I found a unicorn - help.

Let's say you come up with a brilliant unicorn startup business idea and plot twist - you're an employee in IBD.

If you create your business plan and investor pres. using some work resources, does the bank have any legal claim to remuneration or to the business after you quit and hit it big?

If you create materials without company resources while still an employee, does the bank have any legal claim to remuneration or to the business after you quit and hit it big?

FINRA states you have to declare outside business activities - what's timing on this? Is it safe to do so immediately prior to incorporation? Do you do this as soon as you begin drawing up a business plan?

Thanks.

35 Comments
 

First piece of advice - read your employment contract. If it's not discussed there, read your employee handbook. This is the easiest place to go to find out if there could be a conflict of interest. If it's not in the handbook, speak to a lawyer about your particulars and get some clarity.

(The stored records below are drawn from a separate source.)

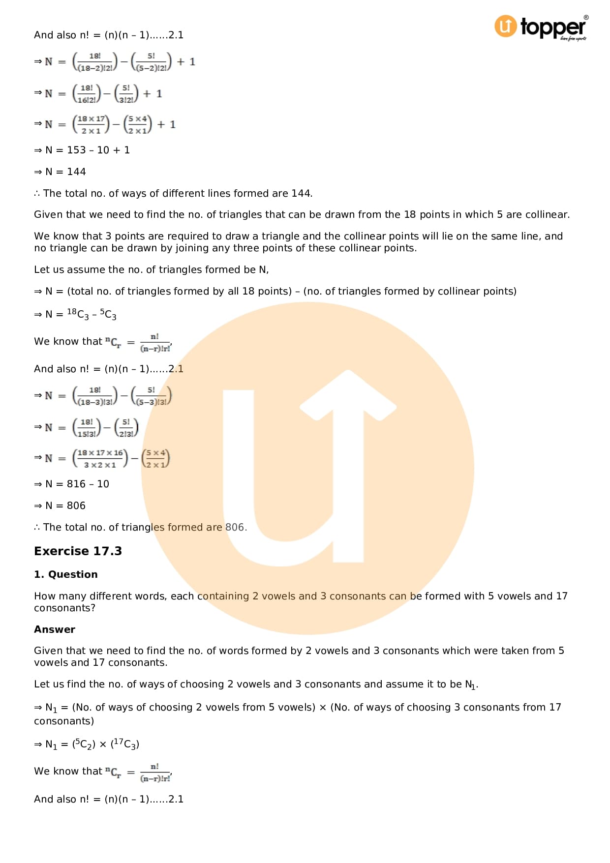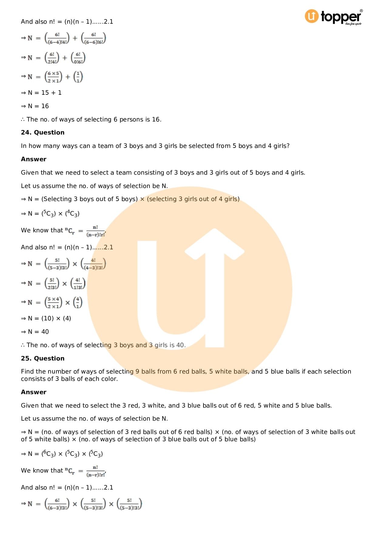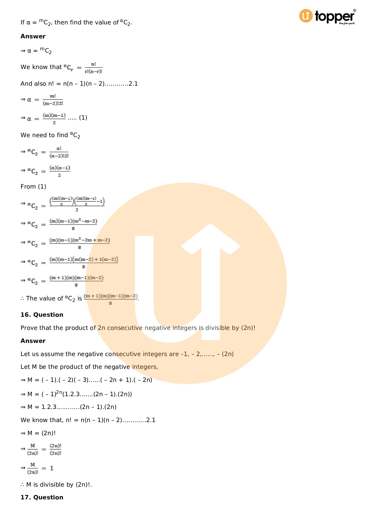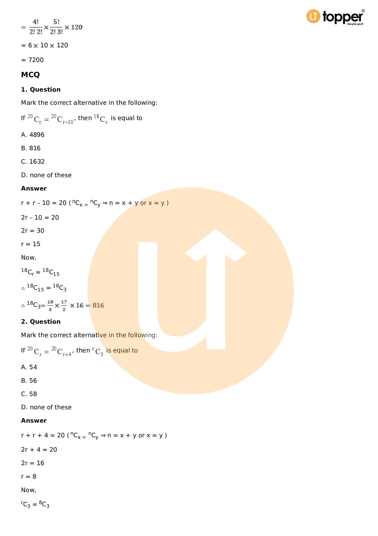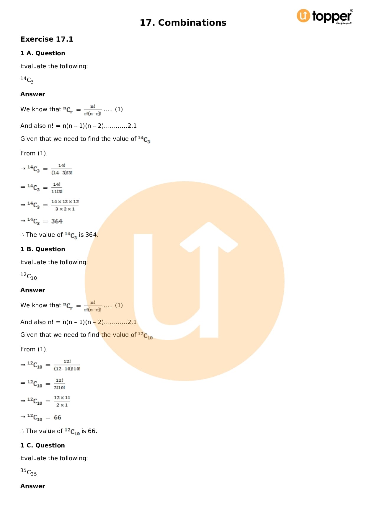 RD Sharma Class 11 Maths Chapter 17 Combinations Solutions PDF Download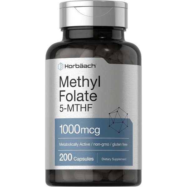 Horbäach Methyl Folate Supplement | 1000 mcg | 200 Capsules | 5-MTHF | Folic Acid | Non-GMO, Gluten Free Methylfolate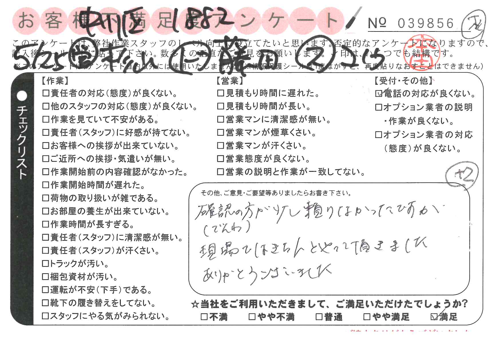 5/25 引越 営業:杉山 ドライバー:藤田 スタッフ:高* 確認(でんわ)の方が少し頼りなかったですが、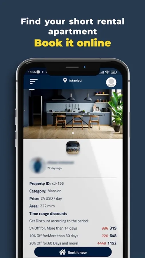 Find a daily rent apartment in Istanbul or any other town for your vacation or work trip. Book a unique flat for rent and finish your payment through the application.

Second, I would be careful, not just about using "official" company resources, but about using anything that can be viewed as corporate linked. By this I mean not only the obvious things (such as using company resources while on the clock), but developing your idea using their work-issued property may be problematic as well. They may be able to argue that you used their property to derive personal value and are therefore entitled to compensation. I don't know if this would also include your personal phone if you use it for work too, but just keep that in mind.

Third, for the disclosure, talk to a securities attorney. They would know best. I could venture a guess and would think it would be when you actually file the formation documents, but this shit can get very particular. I mean, I heard a story of a guy who got fined by FINRA because he didn't disclose that he made $2,800 from an OBA. You know what that OBA was? Ump'ing for little league. So go figure.

 

I'd be very cautious to jump on that piece of advice. Let's be real here. If you use company resources to build your investor deck and they find out, you could be sued for theft, if not more. Say your business takes off and they find out that you used their resources for an investor deck, they could argue for not only theft but that the uncompensated use of their resources successfully helped you grow a new business of which they are entitled a piece of the profits from. I wouldn't say it's worth the risk at all if that's what you're thinking of doing.

 

What sort of resources are we talking about here?

No one's going to sue you for using PPT and the printer, but as pointed out above - still better to keep them separate.

You have no IP so there's nothing to sue for. Sure they could demand to see your idea to ensure it doesn't violate non-comp, but so what? They're going to race you to build out the business?

If you're afraid of getting out-competed, the biz was never going to work anyways...

 
Most Helpful

Some good points above, but two others for you to consider:

  • It takes years to achieve unicorn status. And most startups lie about when they were actually founded (to create the appearance of extraordinary momentum/growth), so if you're inclined to say "Well, XYZ corp did it in three years" it was probably more like 5 or 6. This has no legal implications, but it decreases the already tiny odds that someone at your IB is going to go back and comb the IT logs to see if some percentage of the 23.5 hours a day you spent using powerpoint might have been devoted to your startup
  • Your idea has almost no value. Execution is everything. Most unicorns emerge - again, after years - from a pack of 5, 10, 50 companies all going after the same opportunity. (I don't say this to be negative, but to offer some candor on how likely it is that you will, anytime soon, own something of real value).
 

Look up Netscape/Mosaic v University of Illinois. Employers have way more control over IP produced on their time than Universities, and Illinois lost...still, it’s not something I’d wager a billion dollar idea on.

Also, remove it from your head that your idea is worth a billion dollars. Entrepreneurship is incredibly hard. Way harder and more stressful than banking, and it’s controlled in many ways by factors outside of your control. I spent a decade in IB and started my own company about 7 years ago. I look back on my banking career as low stress and easy.